In an 8-bit world full of straight forward sports simulations, one game truly dared to be different.
Dusty Diamond’s All-Star Softball was released in 1990 by the publisher Broderbund, a company that’s probably best known for the Carmen Sandiego and Mavis Beacon edutainment franchises. It’s one of the company’s only ventures into sports games. It also has nothing to do with this guy:
Just remember, kids – Dusty Diamond is a fictional softball legend who helps you win softball games somehow, and Dustin Diamond is an actor who stabbed a guy with a pen on Christmas Day four years ago.
If you’ve played Bases Loaded or RBI Baseball, you should have a good idea how Dusty Diamond’s All-Star Softball works. While it’s technically softball (and you can even play “slow pitch” if you want), it plays out more or less the same as other NES baseball games. Pitching, fielding, and baserunning are all pretty straightforward. It’s different in a few other ways, though, which make the game a lot more interesting. First of all, there are a number of different fields that each have their own quirks:
The park has benches that you can trip over, the cliff has as fence that the ball can roll under, and the school has breakable windows that turn a would-be home run into an out. I love it.
What I love most about this game, though, is its lineup of characters (seen above). This might be the most expansive lineup of characters in an NES game. Its lineup is about the size of the last Super Smash Bros., which is remarkable for any 8-bit game, and they’re all pretty unique in terms of strengths and weaknesses. Their descriptions in the manual are all super weird – here are just a couple of examples:
Tackling power and being happy are totally what you want from a softball player, right? Here are just a few of the other names this game’s characters have:
– Stan Bananzana
– Ace McFace
– Sparky Nackledrag
– Josh Bagosh
– Boris Badasov
– Flip
– Peter “Dad” LaDeude
– Slick Slickster
– Biff Whiffster
– Chuck “Can I Pay You Next Tuesday?” Silver
I swear to you that none of those are made up. On top of that, some of the characters aren’t even human – a player named Diablo is clearly some sort of demon, who uses a giant club as a bat:
Diablo hit multiple home runs for me, but he’s the slowest player imaginable, so god help you if he has to do anything else. There’s also a witch who swings with a broom, a guy who can float in the air while playing defense (an ability that is cool, but not often useful), and a bunch of other weird things. It’s as if they took an otherwise normal baseball game and just added all the bizarre things they could think up.

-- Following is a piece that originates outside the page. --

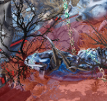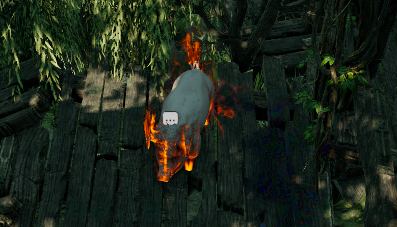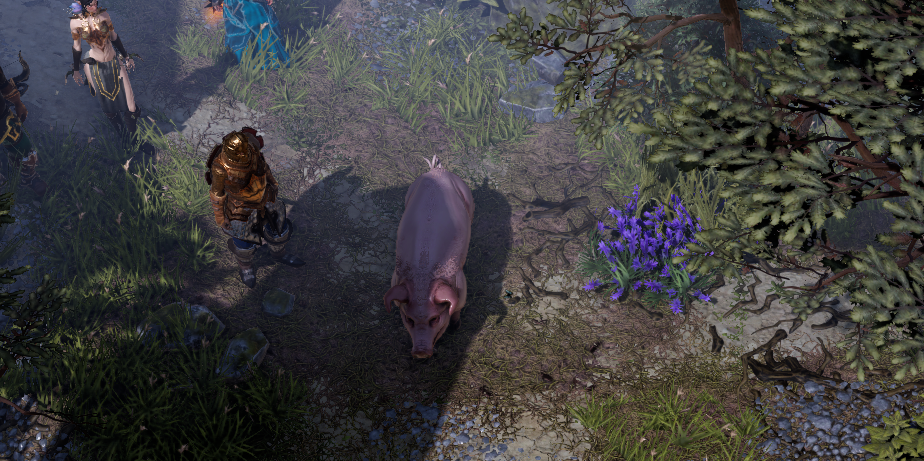 늪지대 중앙 부근에 불타고 있는 돼지들을 발견할 수 있다.

As with most old sports games, the AI tends to do some things well and other things incredibly poorly. You can expect your baserunners to do a lot of very stupid things (in one game, I hit into a triple play thanks to two separate baserunners making mindbogglingly stupid choices), but it at least seems to affect both teams equally. Some players seem to also be surprisingly error prone, but that can also amusingly work out in your favor. This can sometimes be frustrating, but it’s still a solid overall experience.
In the single-player mode, you form a team of whatever players you like and play a different opponent on each field. Games are just 7 innings (since it’s softball, remember), which is a nice touch – having the games be a bit shorter feels like a good difference from the norm. Winning a game on every field will let you play against a “boss” team called the Amazons, composed entirely of women. That’s also pretty cool.
I’m honestly amazed by the amount of weirdness and character packed into Dusty Diamond’s All-Star Softball – there are a lot of fun baseball games for the NES, but many of them are just so…bland. I would probably play this over just about any of them – it manages to be pretty goofy without sacrificing much in the way of quality.
This game had a smaller print run than a lot of other NES releases, and between that and its general uniqueness it’s a bit pricier than some games – a loose copy will probably cost you around $50. If you’re into older sports games, though, it’s arguably well worth the expense. There really is nothing else like it.